The applications of this fast generation of sampled trees are countless. For us, these results allowed us to simulate thousands of trees to check our methods for growth rate estimation from phylogenetic tree reconstruction, which is detailed in our paper. We provide an intro to simulation here, with full reproduction of our simulation results in the article linked here.
Setup
First, we’ll have to load the packages we want to use. We’ll be
plotting the trees using the ape
package function
ape::plot.phylo()
along with some other ape
functions. If you have
cloneRate
installed, you already have the ape package
. We’ll
also be using ggplot2
to make
our plots, which can be installed from CRAN.
# Load and attach our package cloneRate
library(cloneRate)
# Load and attach ape, which will be installed if you've installed cloneRate
library(ape)
# Install ggplot2 from CRAN if necessary, then load and attach it with library()
library(ggplot2)
We’ll also set the color palette which we’ll use for most of the plotting. The palette is avilable here.
colorPal <- c("#000000", "#E69F00", "#56B4E9", "#009E73", "#F0E442", "#0072B2", "#D55E00", "#CC79A7")
Simulating trees
In this section, we’ll simulate ultrametric and mutation-based trees. Ultrametric just means that the tips are all the same distance from the root. In our specific case, the ultrametric trees will have edge lengths in units of time, so ultrametric means that the tips are sampled at the same time. Mutation-based trees are those with edge lengths in units of mutations. Mutation-based trees will typically not be ultrametric, because there will be some fluctuations in the number of mutations acquired.
We’ll be generating trees of class phylo
, which is a
fairly straightforward encoding of phylogenetic trees in R. The ape
documentation describing the class phylo
can be found here.
Ultrametric trees
Let’s start with ultrametric trees. First, let’s simulate a single
tree and have a look at the class phylo
. We’ll use the
function simUltra()
from our package to do this, which
simulates an ultrametric tree. We’ll set a birth rate a
, a
death rate b
, an age for the tree cloneAge
,
and the number of sampled tips n
. Note that we use
cloneAge
instead of \(T\)
for the time because T
in R means TRUE
.
# Generate the tree
tree <- simUltra(a = 1, b = 0, cloneAge = 20, n = 100, addStem = TRUE)

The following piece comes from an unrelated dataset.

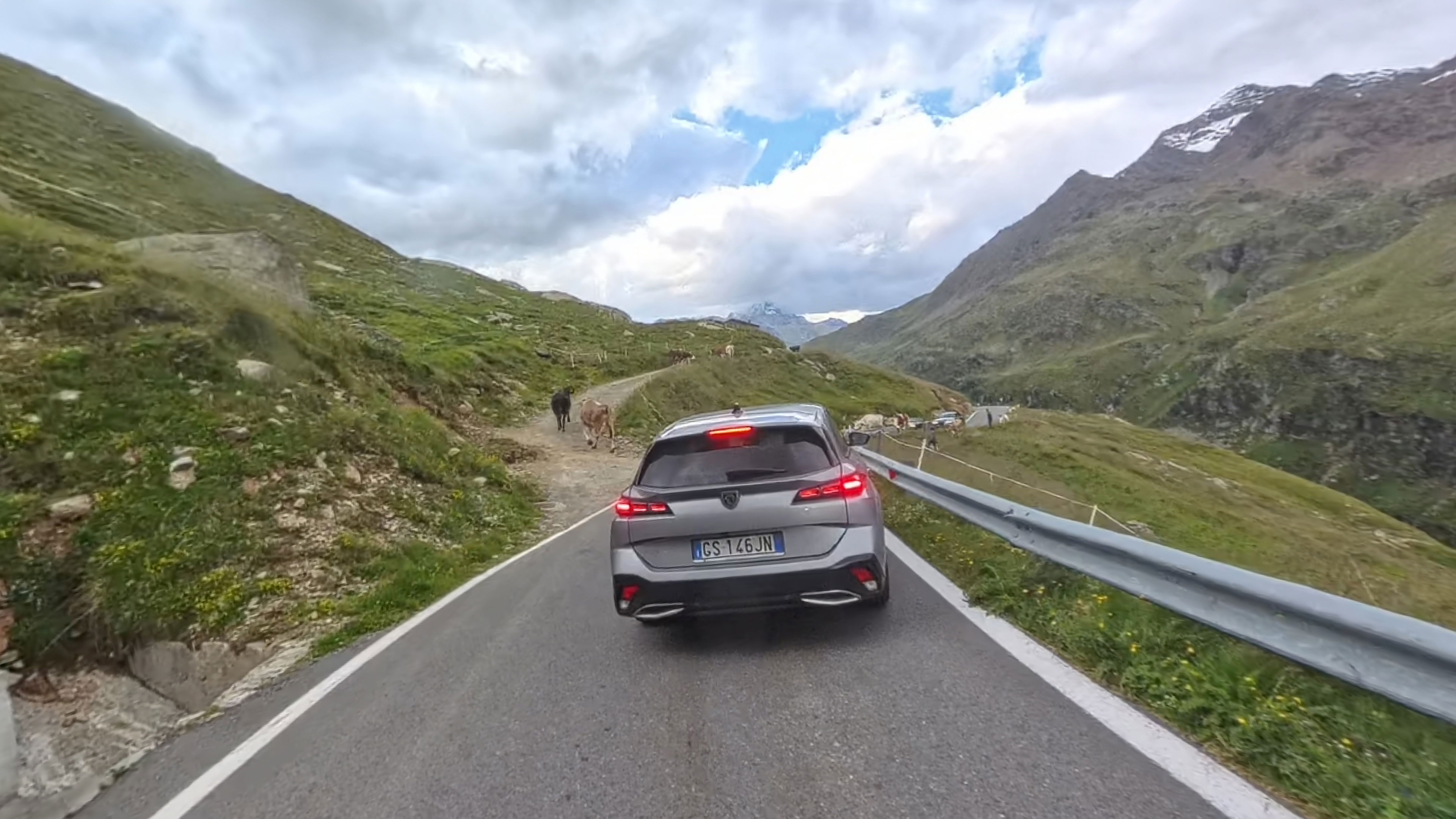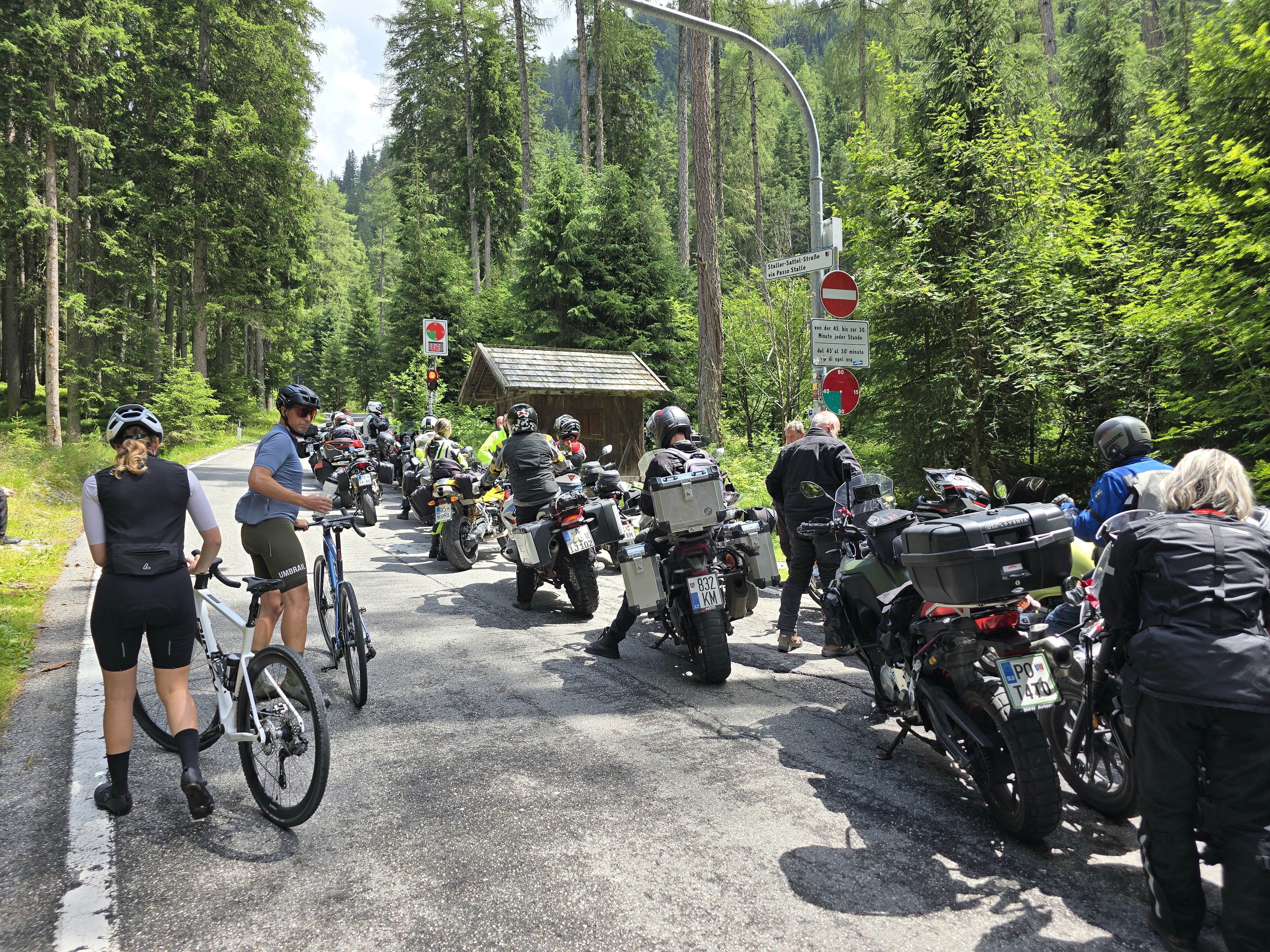 Ob vznožju ceste na prelaz Passo Stalle nas ustavi semafor, na katerem 45 minut sveti rdeča luč, 15 minut pa zelena. Cesta na prelaz je ozka, zato je bila to najlažja rešitev za ureditev prometa. Na zeleno luč čakamo le 10 minut, nato pa gas po ozki in strmi cesti.

# We see that the tree is of class phylo
class(tree)
#> [1] "phylo"
# Preview the tree
print(tree)
#>
#> Phylogenetic tree with 100 tips and 100 internal nodes.
#>
#> Tip labels:
#> t90, t37, t85, t13, t14, t69, ...
#>
#> Rooted; includes branch lengths.
Again, the best place to get more info about the class
phylo
is here.
Our functions for simulating trees will include metadata. Let’s take a
look at the metadata included in the tree.
print(tree$metadata)
#> r a b cloneAge n runtime_seconds addStem
#> 1 1 1 0 20 100 0.548 TRUE
We see that the columns are:
-
r
,a
,b
: The growth rate params.r
is the net growth rate,a
is birth rate andb
is death rate, sor=a-b
-
cloneAge
: The time that passes, in the same units asr
,a
, andb
. -
n
: The number of samples from the birth-death process, producing a tree withn
tips. -
runtime_seconds
: The elapsed time to generate the tree. -
addStem
: Tells us whether the tree has a root edge preceding the first split. We’ll show the “stem” in plots below.
Now let’s plot the tree.
plot.phylo(tree, direction = "downwards", show.tip.label = FALSE)
axisPhylo(side = 2, backward = FALSE, las = 1)
title(main = "Simulated tree", ylab = "Time")
In the tree we plotted above, we see that the “stem” is the edge extending from time 0 to the first split. We call these splits coalescence events and they’ll be very important for our methods of growth rate estimation.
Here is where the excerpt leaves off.